I have been on the forum for a few days and thought I would say hello to everyone and share some of the journey. I so hope this will encourage anyone who is just starting their journey. It is a roller coster!
In March 2024, I found myself in a hospital room with a doctor who I expected would tell me that my biopsy had found nothing. Instead the doctor explained it was cancer and said a lot of other things while my mind stopped processing. Thankfully my wonderful wife was with me and later she was able to tell me what I missed.
A few weeks later, I was offered the choice of hormone or surgery. I had done my homework and was leaning toward surgery. However, before I could make my choice, I made sure the doctor was aware of my other condition, Ulcerative Colitis. Please make sure you do point out any conditions you may have! This changed everything and I was told the only course of treatment was surgery.
In June 2024, I had my surgery and began the long path to recovery. It took me nearly a week after the op to find out it had been non-nerve sparing.

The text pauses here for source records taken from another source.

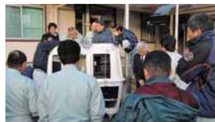
第2回浄化槽維持管理技術研修会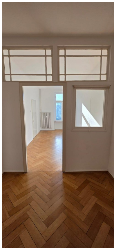
Raum 2 /Vorraum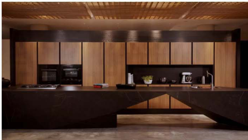
Cozinha Todeschini padrão Leblon nas frentes com sistema Veneza vertical e balcão com frentes slim com Dekton Kelya

Confira uma galeria de elementos para se inspirar como adicionar tons terrosos na decoração:

On top of this I had to keep a blood drain in for a week and I had a catheter for 24 days. The catheter was a real pain and I literally counted the days down to its removal. Sadly, when it was removed I instantly got a water infection and had several days of non-stop pad changing.
Over the next few weeks the water infection went and I began to recover. Unfortunately, I started to get a lot of hip pain. This turned into an investigation for possible spread. To cut a long story short, it wasn't but I did need some physio as the muscles around my pelvis had not set back in the correct place after the operation.
From day one after the operation, I had a lot of fatigue. By December, this fatigue was worrying me a lot and I went to my GP and had a series of blood tests. This turned up a worry with my liver and again it was possible spread. An ultrasound test identified it wasn't spread but was fatty liver.
In March 2025, I had blood in my urine and was back on the oncology two week list. I had a CT scan of my plumbing and a camera in my willie and into my bladder. There was a strange lump in my bladder. So I had another camera and a biopsy taken from my bladder. Sadly, this set me back to being incontinent, but this time, I expected the worst and got the best when the results were shared with me.
It is now June 2025 and I am back to routine PSA checks. I am off to Florida for a week to see my newly born grandson and finally feeling like I can look forward again.